Open-source software quietly affects nearly every issue in AI policy, but it is largely absent from discussions around AI policy—policymakers need to more actively consider OSS’s role in AI.

Open-source software (OSS), software that is free to access, use, and change without restrictions, plays a central role in the development and use of artificial intelligence (AI). Across open-source programming languages such as Python, R, C++, Java, Scala, Javascript, Julia, and others, there are thousands of implementations of machine learning algorithms. OSS frameworks for machine learning, including tidymodels in R and Scikit-learn in Python, have helped consolidate many diverse algorithms into a consistent machine learning process and enabled far easier use for the everyday data scientist. There are also OSS tools specific to the especially important subfield of deep learning, which is dominated by Google’s Tensorflow and Facebook’s PyTorch. Manipulation and analysis of big data (data sets too large for a single computer) were also revolutionized by OSS, first by the Hadoop ecosystem and later by projects like Spark. These are not simply some of the AI tools—they are the best AI tools. While proprietary data analysis software may sometimes enable machine learning without the need to write code, it does not enable analytics that are as well developed as those in modern OSS.

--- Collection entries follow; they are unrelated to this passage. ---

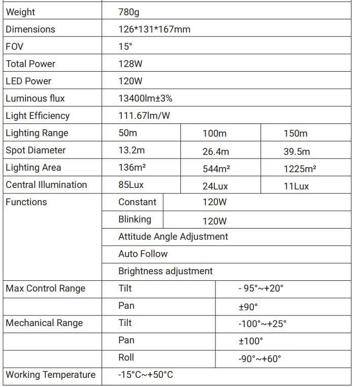 | Дополнительные возможности | Плавное линейная регулировка / Оптическая технология визуализации / Ультралегкий дизайн / Максимальный световой поток 13400 люмен / Уровень освещения 11 люкс в cветовом пятне диаметром 39.5 м с расстояния 150 метров / 3-осевой подвес, синхронизация с камерой |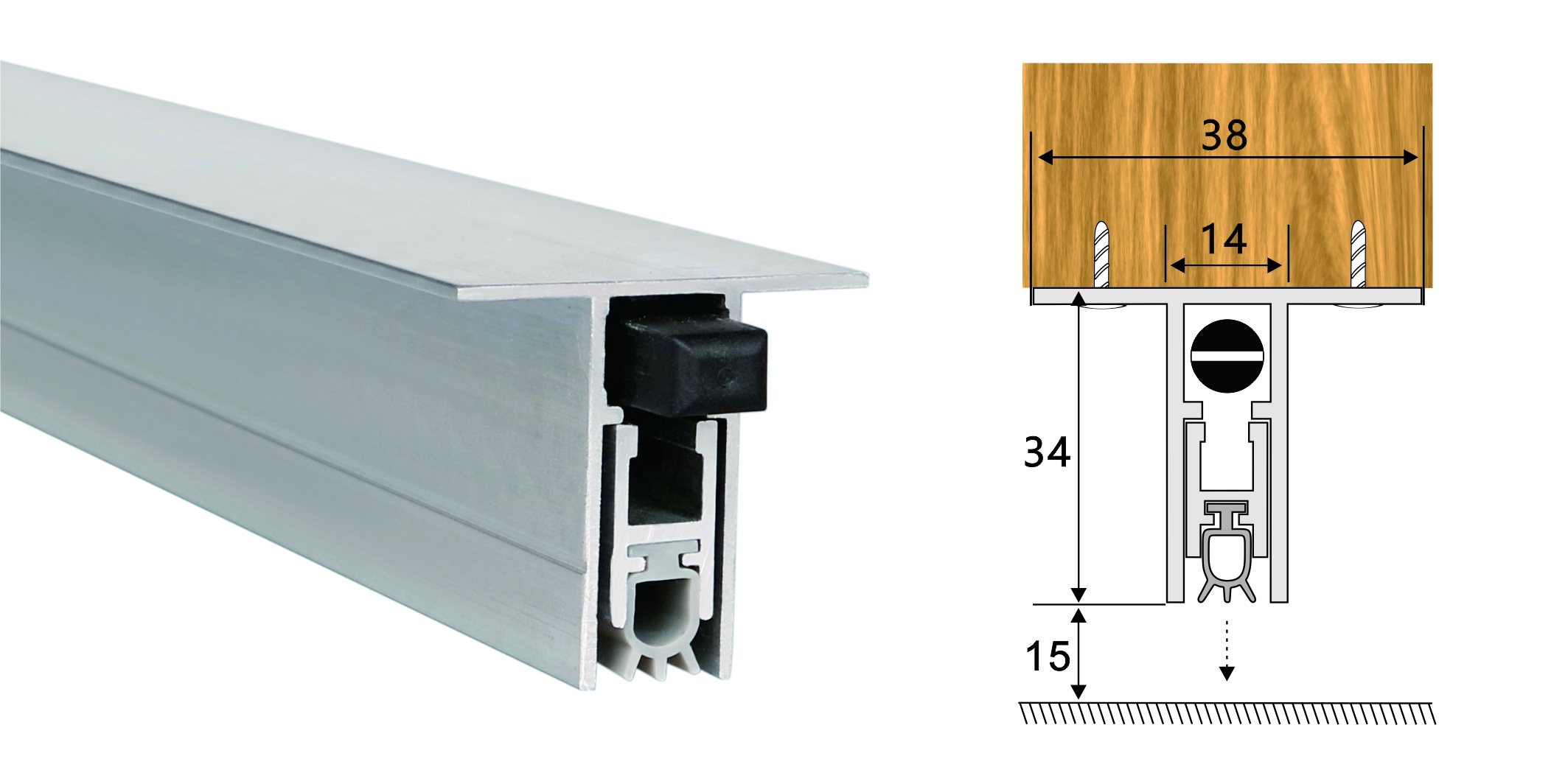 為省去門底開槽的工作,特別設(shè)計(jì)了B03的擴(kuò)展應(yīng)用的門底自動升降式密封器。只需設(shè)計(jì)時(shí)將門的高度做短34~35毫米,將自動門底條用螺絲從兩翼上直接固定,即可。其作用與B03一樣,密封條自動上升,膠條與地面無摩擦。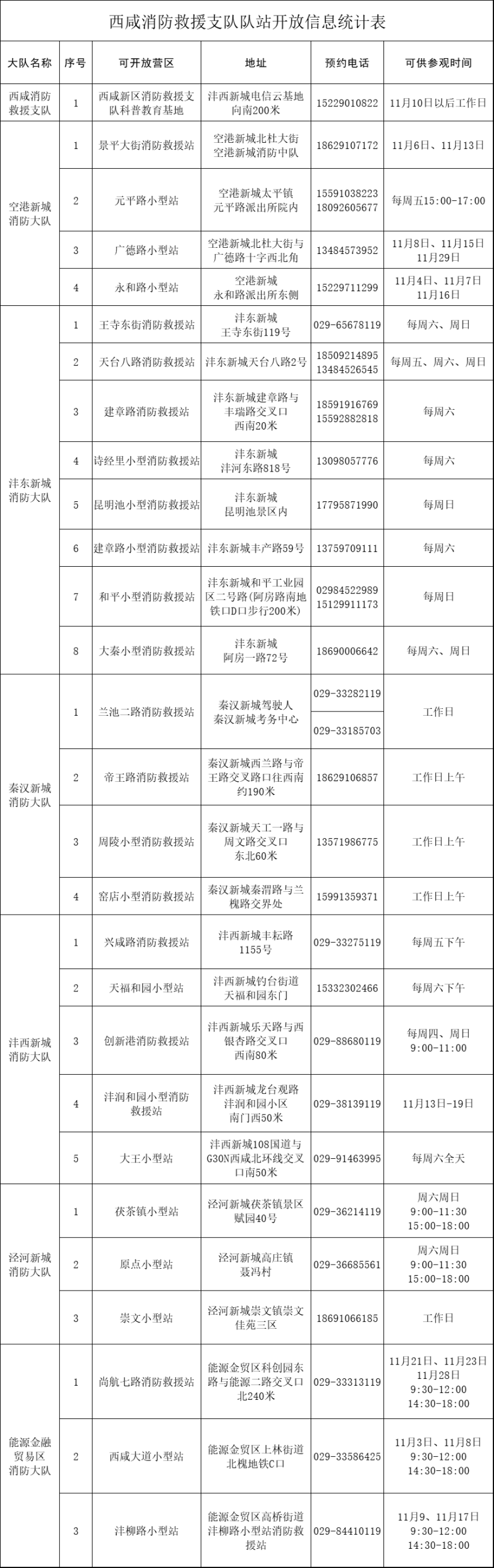 除了上述特色消防科普基地,西咸新区消防救援支队还在11月开展“119宣传月消防站开放”活动,面向社会统一开放新区28个消防站,市民可拨打预约电话就近预约参观。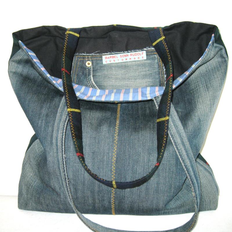 Die Henkel aus Schottenkaro und Jeansmaterial  sind 62 cm lg.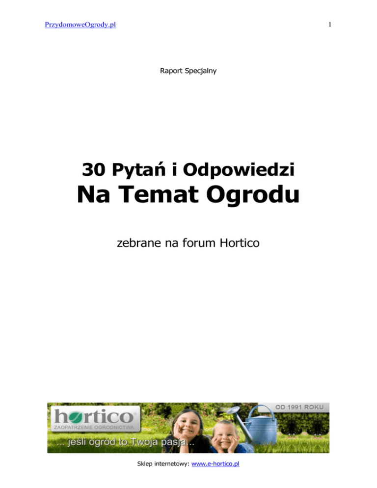 PrzydomoweOgrody.pl 1 Raport Specjalny 30 Pytań i Odpowiedzi Na Temat Ogrodu zebrane na forum Hortico Sklep internetowy: www.e-hortico.pl PrzydomoweOgrody.pl 2 Środki ochrony roślin Zaczynam raczkować w temacie chemii, proszę o wszelkie info: szczególinie chodzi mi o nowości które stosuje się w uprawach szklarniowych (przedzior, szarucha itp.) W przypadku szarej pleśni w tym roku pojawiły się dwa preparaty (obydwa zarejestrowane w uprawie pomidora): Switch 62,5WG i Signum 33WG. W grupie akarycydów pojawił się Pennstyl 600SC (rośliny ozdobne). W temacie upraw szklarniowych nie zanosi się na wprowadzenie nowych preparatów. Nornica zimowa Nie miałem dotychczas z tym problemów ale potrzebowałbym informacji na temat zwalczania nornic. W ostatnim okresie zwłaszcza jak jest zimniej , znalazłem ogryzione zamarznięte korzenie drzewek owocowych w szczególności w okolicach przyziemia, czyli tam gdzie jest bardziej zamarznięte. Prawdopodobnie mamy do czynienia z karczownikiem ziemnowodnym. W ostatnich latach nastąpił wzrost populacji tego szkodnika z racji tego, że często mylony był z nornicą. Obecnie proponuję zastosowanie jednego z środków: Normix AT, Norat GR, Anorin FK (świece) lub Polytanol GR. W przypadku tego ostatniego wymagane jest posiadanie świadectwa lub zaświadczenia na zakup i używanie środków toksycznych i bardzo toksycznych. Opryski czy jednak podlewanie? Ostatnio zauważyłam preparaty nie tylko do opryskiwania, ale również do podlewania roślin. Który z tych sposobów jest skuteczniejszy? Nie ma reguły czy podlewanie czy oprysk daje lepsze efekty. Wszystko zależy od gatunku ochranianej rośliny, choroby lub szkodnika. Zalecany na etykiecie preparatu sposób użycia wskazuje najlepszy sposób uzycia ś.o.r. Sklep internetowy: www.e-hortico.pl PrzydomoweOgrody.pl 3 Piriflor a Pirimor w aerozolu... Dawniej sprzedawany Pirimor w aerozolu to dokładnie to samo co sprzedawany aktualnie Piriflor w aerozolu? Pirimor na róże działał super! Piriflor AE to dokładnie ten sam preparat co dawny Pirimor AE. Działa równie dobrze jak poprzednik. Jest też coś nowszego i bardziej skutecznego np.: Mospilan albo Polecam Pirimix z BestPestu. W większej puszce a w niższej cenie. Preparaty zawierają tą samą substancję czynną i działają równie skutecznie. Turkuć podjadek Na działce co roku mam turkucia podjadka. Jest podobno preparat na ślimaki, który to zwalcza. Czy to prawda i jeśli jest to jaki? Właściwości takie przypisywane są preparatowi Mesurol Schneckenchorn. Przypominam jednak, że produkt należy używać zgodnie z zleceniami podanymi na etykiecie. Preparat zgodnie z zaleceniami stosuje się na ślimaki posypując po wierzchu ziemi w dawce 3g na 10 m kw. Stosowanie gibrescolu Czy mógłby mi ktoś udzielić informacji jakie stężenie Gibrescolu będzie najlepiej działało na ziarna zbóż (pszenica, owies, żyto...)? Czy może ktoś wie gdzie mogę go kupić? Gibrescol 10MG jest zarejestrowany w uprawach roślin ozdobnych i pomidorach. Nie mam informacji, czy czyniono próby tym preparatem w zbożach i w jakich dawkach. Jednocześnie przypominam, że środki ochrony roślin w tym regulatory wzrostu stosujemy zgodnie z rejestracją. Preparat Gibrescol 10MG znajduje się w ofercie Hortico. W obecnej chwili posiadamy gramatury 22,5g oraz 250g. Preparat można zakupić w jednym z oddziałów Hortico. Nasze lokalizacje: giełda warzywna przy ulicy Obornickiej 235 lub giełda kwiatowa przy ulicy Karmelkowej 41. Preparat można też zamówić w sklepie internetowym lub telefonicznie pod nr telefonu 693 372 139. Sklep internetowy: www.e-hortico.pl PrzydomoweOgrody.pl 4 Kupiłem u was Gibreskol 10 mg. Proszę mi napisać ile saszetek wsypać na litr wody i jak najlepiej dozować, chodzi o kwiaty. Proszę napisać jakie kwiaty. Pytam ze względu na bardzo dużą rozbieżność w dawkach. Miskant olbrzymi - zwalczanie chwastów Posadziłem miskant olbrzymiego. Jednak wraz z nim jest dużo rumianu, lebiody, perzu i skrzypu. Jak się tego pozbyć? Jaki herbicyd zastosować, by nie zniszczyć miskanta? Miskant olbrzymi jest rośliną jednoliścienną więc z pewnością dobrze zadziałają takie preparaty jak Starane lub Bofix. Pierwszy zabieg zalecałbym wykonać ok. 3 miesiące po posadzeniu. Proszę pamiętać, ze miskant będzie przykrywał część chwastów stąd proszę zwrócić uwagę na staranność zabiegu. W przypadku perzu o ile jest to możliwe zalecane jest usunięcie mechaniczne. Sosna choruje? Na igłach mojej sosny pojawiły się plamki w formie czarnych kresek. Drzewo rośnie słabiej. Co robić? Z pewnością jest choroba grzybowa o nazwie osutka sosny. Do jej zwalczania zarejestrowane są trzy preparaty: Antracol 70WG, Dithane M45 80WP oraz Penncozeb 80WP. W przypadku dużego porażenia zalecałbym Antracol 70WG. Szczury w mojej piwnicy jedzą coraz więcej, co mam robić? Od kilku dni "karmię" szczury w mojej piwnicy chlebem nasączonym w Toxanoxie, i od kilku kromek doszedłem do kilku bochenków co 2 dni... Jak długo powinienem je „karmić” = „truc” ? ... w końcu nie wiem czy je dokarmiam czy truje? Istnieje duże prawdopodobieństwo, ze gryzonie uodporniły się na podawaną truciznę. Proponuję zastosować pastę Toxan W lub Szczur Stop. Truciznę należy wykładać w niewielkich porcjach. Proszę pamiętać o częstej zmianie wykładanych trutek ze względu na łatwość uodparniania się szczurów na podawane trucizny. Sklep internetowy: www.e-hortico.pl PrzydomoweOgrody.pl 5 Czy pies zje trutkę na szczury? Czy istnieje ryzyko że mój pies (jamnik, 8m-cy) zje wyłożona na klatce trutke na szczury. Trutka jest co prawda w czarnych plastikowych pudełakach, ale boję się czy nie wsadzi do nich języka i nie będzie lizał? Przymocowanie karmnika wraz z trutką daje gwarancję nie pobierania pokarmu psa. Proponuję zatem solidne przymocowanie karmnika do posadzki lub ściany. Proszę pamiętać

That the most advanced tools for machine learning are largely free and publicly available matters for policymakers, and thus the OSS world deserves more attention. The United States government has gotten better at supporting OSS broadly, notably through the Federal Source Code Policy, which encourages agencies to release more of the code they write and procure. Yet the relationship between OSS and AI policy goes less acknowledged. Trump administration documents on AI regulation and using AI at federal agencies mention OSS only in passing. The Obama administration’s AI strategy notes the important role of OSS in AI innovation, but does not mention its relevance to other issues. A new European Parliament report states that European OSS policies lack “a clear link to the AI policies and strategies… for most countries.” In fact, the recent proposed European AI regulation does not address the role of OSS at all.

Generally speaking, analyses and international comparisons of AI capacity often include talent, funding, data, semiconductors, and compute access, but often lack a discussion of the role of OSS. This is an unfortunate oversight since OSS quietly affects nearly every issue in AI policy. AI tools built in OSS enable the faster adoption of AI in science and industry, while also speeding proliferation of ethical AI practices. At the same time, OSS is playing a complex role in markets—powering innovation in many areas, while also further empowering Google and Facebook and challenging the traditional role of standards bodies.

1. OSS speeds AI adoption

OSS enables and increases AI adoption by reducing the level of mathematical and technical knowledge necessary to use AI. Implementing the complex math of algorithms into code is difficult and time-consuming, which means that if an open-source alternative already exists, it can be a huge benefit for any individual data scientist. Open-source developers often work on projects to build skills and get community feedback, but there is also prestige inherent in building popular OSS. Often, several different versions of the same algorithm are developed in OSS, with the best code winning out (perhaps due to its speed, versatility, or documentation). In addition to this competitive element, OSS can also be highly collaborative. Since OSS code is all public, it can be cross-examined and interrogated for bugs or possible improvements. With collaborative development and an engaged community, as often arises around popular OSS, this collaborative-competitive environment can frequently result in accessible, robust, and high-quality code.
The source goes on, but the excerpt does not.